Brutkey

GhostOnTheHalfShell
@GhostOnTheHalfShell@masto.ai

@SmithWillSuffice@climatejustice.social

I am still never satisfied to read fiat money is given value because it is taxed. Yeah sure it’s an element of it, but in the larger context of being the legal means to settle all debts, public and private. I am currently reading temples of enterprise and it’s hard to look at what Michael Hudson is saying as money being an IOU. It was a medium to legally settle debt.

Sure, bank notes have a history as a laundry ticket to get back your clothes, but that isn’t all of it

GhostOnTheHalfShell
@GhostOnTheHalfShell@masto.ai

@SmithWillSuffice@climatejustice.social

I am reading through your GitHub publication by the way..

So I’d like to run this by you because I recently heard that up to 97% of the money supply is commercially created money (outstanding loan principals). That number seems to be incredibly high to me, but it was stated in the Forbes magazine article, on how banks create money.

Even so, the number I normally heard is that private credit is twice as large as the negative balance of the national government.


GhostOnTheHalfShell
@GhostOnTheHalfShell@masto.ai

@SmithWillSuffice@climatejustice.social

The commercial money is transitory, but it’s general mass if I want to borrow a term from physics, suggest to me that there’s a lot of money supply that can only continue to exist for a combination of two reasons deficit spending and growth in the size outstanding loans.

This only slightly alters the dynamics, but there should be I think an entry for private money creation

Daniel Lakeland
@dlakelan@mastodon.sdf.org

@GhostOnTheHalfShell@masto.ai @SmithWillSuffice@climatejustice.social

The M2 money as a fraction of public debt is 0.6, so it's nowhere near 90+% commercial money.
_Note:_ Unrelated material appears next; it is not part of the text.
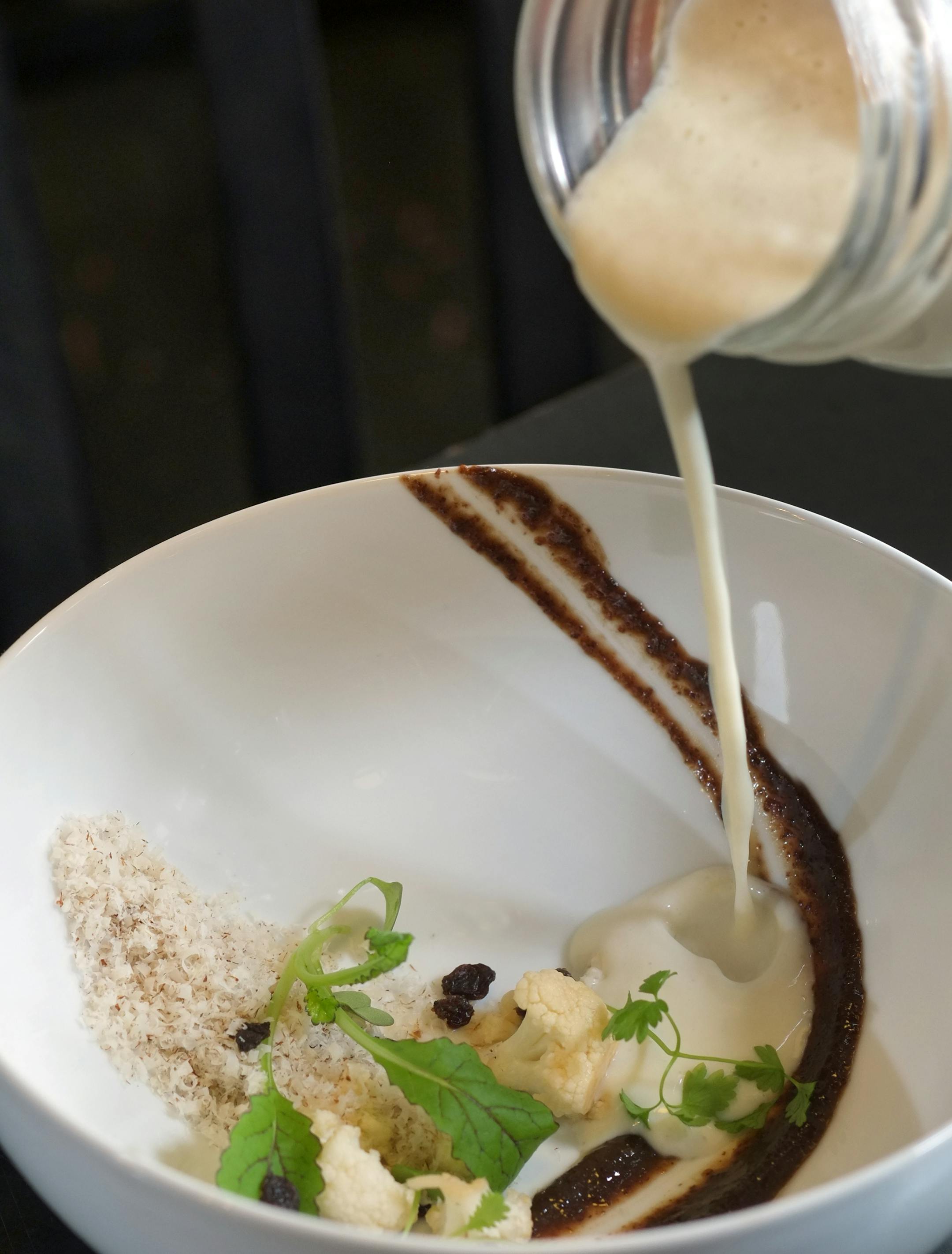 One don't-miss item on the newly rolled-out lunch menu at Rustica — a collaboration with Victory 44's Erick Harcey — is chef Jen Farni's spectacular cream of cauliflower soup ($8). "I wanted to use components that the bakery already had on hand," she said, which explains why a deep bowl arrives with shaved hazelnuts and a painterly swoosh of puréed currants enhanced with clove and cinnamon. Pickled cauliflower florets round out the cleverly crunchy-chewy-sweet-tangy garnish, then comes the big finish: that silken soup, dramatically poured from a glass jar. It's as gorgeous as it is delicious, and it sets a pretty lofty standard for Farni's soon-to-come dinner menu.

https://fred.stlouisfed.org/graph/?g=1LeLA

GhostOnTheHalfShell
@GhostOnTheHalfShell@masto.ai

@dlakelan@mastodon.sdf.org @SmithWillSuffice@climatejustice.social

Yeah, I said something poorly, but the idea from Forbes was to say that commercially generated money (bank loans) with something like 97% of all the existing money.. now mind you they didn’t specify money precisely.. (M whateva)

Daniel Lakeland
@dlakelan@mastodon.sdf.org

@GhostOnTheHalfShell@masto.ai @SmithWillSuffice@climatejustice.social

Right, but that can't even be close to true, M2 is only 60% of public debt. So that means probably there's a bunch of overseas dollars because it doesn't even exceed the public debt. for 90% of money to be commercially created, the M2/debt would have to be something like 9 or 10 not 0.6

GhostOnTheHalfShell
@GhostOnTheHalfShell@masto.ai

@dlakelan@mastodon.sdf.org @SmithWillSuffice@climatejustice.social

Yeah, like I said, I my eyes sort of likes twitch when I saw that number and I said is this right?.. but your own points bring up an interesting question. Banks do create the principal amount and stuff it into the economy. The total outstanding amount is a function of the total outstanding principle left percolating in economy, or it should be.

.. so the other part would probably be purchased treasuries?

Daniel Lakeland
@dlakelan@mastodon.sdf.org

@GhostOnTheHalfShell@masto.ai @SmithWillSuffice@climatejustice.social

I just suspect the Forbes article is repeating something they heard from an economist who didn't have a clue? how could 9 out of 10 dollars come from banks and 1 out of 10 come from deficit spending, yet all money put together is 0.6 of public debt?